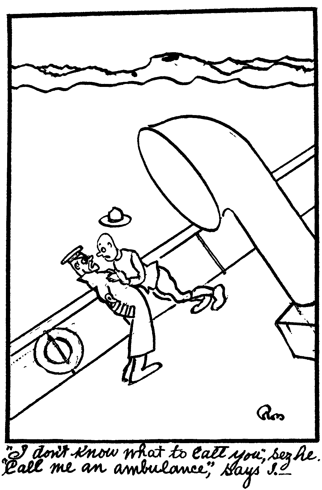 Believe you me, Julie, I luv a life on the ocean wave like a burlecue soubrette luvs an alarm clock; that is I like it a lot, but not a heluva lot. Fer four hours at a strech I leand over the side of the ship; I wuzn't interested in the ocean or the study of fishes, only I felt I had sumpin I must give up. Finally, after givin up everything, even standin for some of Skinny's jokes, I managed to recover sufficient to enjoy two meals before we got to the dock. Believe you me, derie, you do not know how near you cum to havin to wear black, and cashin in on my life insurance. Speaking of life insurance, reminds me of Skinny's prayer when he turned in one night when it was stormy. "Now I lay me down to sleep, I pray the Lord my soul to keep, If the ship should sink before I wake, Uncle Sam has made a $10,000 mistake."
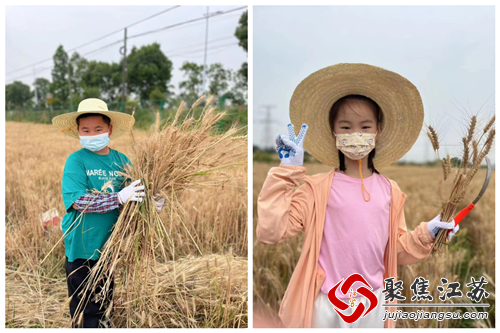 纸上得来终觉浅,绝知此事要躬行。在老师的示范指导下,孩子们们很快掌握了镰刀的使用方法和安全事项,戴好手套,开始忙碌起来,有的割麦,有的拾稻穗,干得热火朝天。
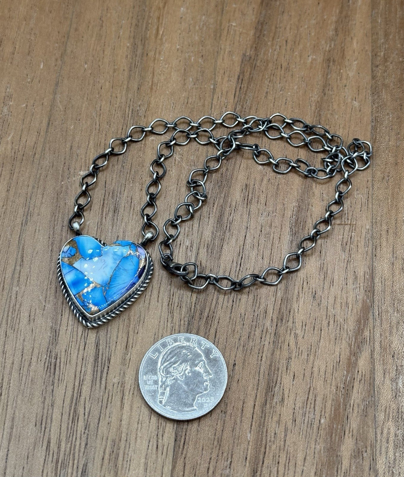 This exquisite necklace is a true work of art handcrafted by Native American artisan Tricia Smith, The stunning bar shaped necklace features a beautiful Violet rose and Blue dahlia stone (Compressed and dyed material). The pendant hangs on an 18-inch chain with lobster closure, making it a perfect accessory for any occasion.
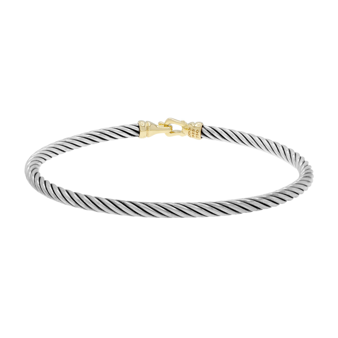 David Yurman Sterling Silver 18K Yellow Gold 3mm Buckle Cable Bracelet
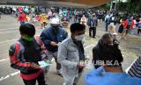 Sejumlah warga mengantre pembayaran pajak kendaraan bermotor pada mobil Samsat Keliling di area GOR Pajajaran, Kota Bogor, Jawa Barat, Kamis (4/6/2020). Badan Pendapatan Daerah (Bapenda) Provinsi Jawa Barat resmi memperpanjang program Triple Untung hingga 31 Juli 2020 mendatang yaitu bebas denda pajak kendaraan bermotor, bebas pokok dan denda BBNKB II (Bea Balik Nama Kendaraan Bermotor) serta bebas tarif progresif pokok tunggakan sebagai salah satu langkah dalam masa adaptasi tatanan baru (new normal) (FOTO : ANTARA/ARIF FIRMANSYAH)
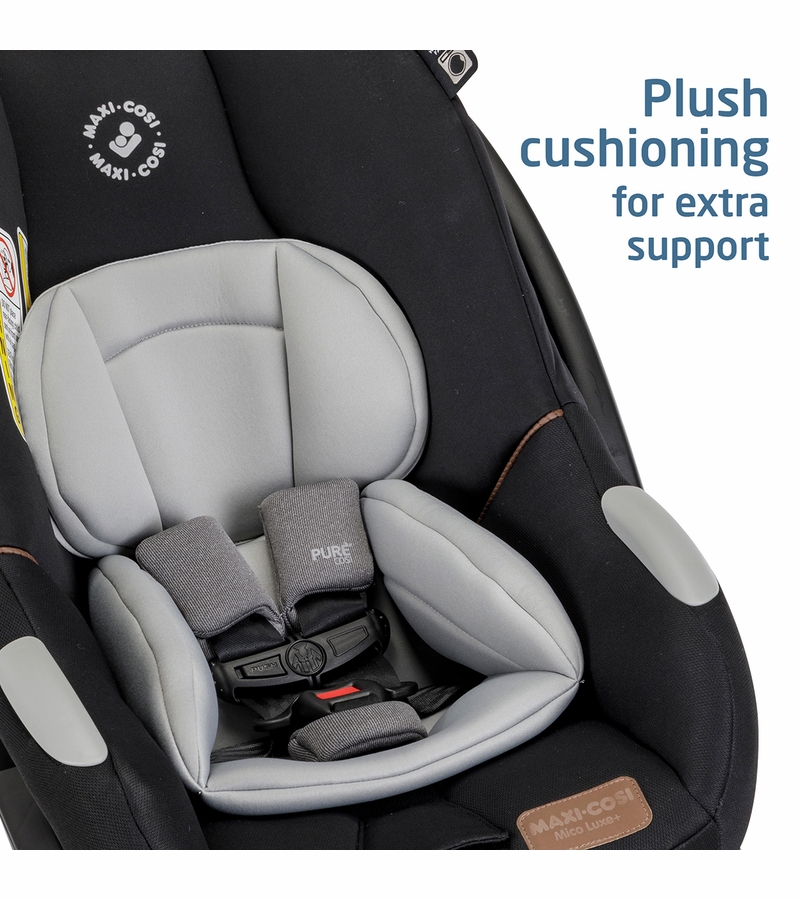 Designed for comfort and convenience, the lightweight Mico Luxe+ Infant Car Seat allows you to travel with ease. Swiftly move from car to car or a compatible stroller without stress or struggle. The intuitive base installation, featuring MaxiLock™ technology, allows you to achieve a secure fit in your car with its 3-position adjustable base, self-tightening LATCH system, and the load leg that limits movement in the event of a collision. Taxi-mode is simple and convenient with the large, visible belt guides that indicate how to position the belt without using the base. We factor your baby’s safety and comfort as key, which is why the shell is designed with ClimaFlow™ technology for added ventilation to help keep your baby cooler. Side impact protection and extra plush padding on the removable infant head and lumbar inserts are incorporated to ensure every child has a secure and cozy ride. Plus, you’ll enjoy added style and a more comfortable carrying experience with the vegan leather-trimmed, ergonomic handle contoured to curve around your hip.
+ + + + +
§ **Work task**
Copy exactly, and only, the lines from the first line of the material through the line that contains "David Yurman Sterling", both ends kept; no pictures.

§ **The answer**
 Believe you me, Julie, I luv a life on the ocean wave like a burlecue soubrette luvs an alarm clock; that is I like it a lot, but not a heluva lot. Fer four hours at a strech I leand over the side of the ship; I wuzn't interested in the ocean or the study of fishes, only I felt I had sumpin I must give up. Finally, after givin up everything, even standin for some of Skinny's jokes, I managed to recover sufficient to enjoy two meals before we got to the dock. Believe you me, derie, you do not know how near you cum to havin to wear black, and cashin in on my life insurance. Speaking of life insurance, reminds me of Skinny's prayer when he turned in one night when it was stormy. "Now I lay me down to sleep, I pray the Lord my soul to keep, If the ship should sink before I wake, Uncle Sam has made a $10,000 mistake."
 纸上得来终觉浅,绝知此事要躬行。在老师的示范指导下,孩子们们很快掌握了镰刀的使用方法和安全事项,戴好手套,开始忙碌起来,有的割麦,有的拾稻穗,干得热火朝天。
 This exquisite necklace is a true work of art handcrafted by Native American artisan Tricia Smith, The stunning bar shaped necklace features a beautiful Violet rose and Blue dahlia stone (Compressed and dyed material). The pendant hangs on an 18-inch chain with lobster closure, making it a perfect accessory for any occasion.
 David Yurman Sterling Silver 18K Yellow Gold 3mm Buckle Cable Bracelet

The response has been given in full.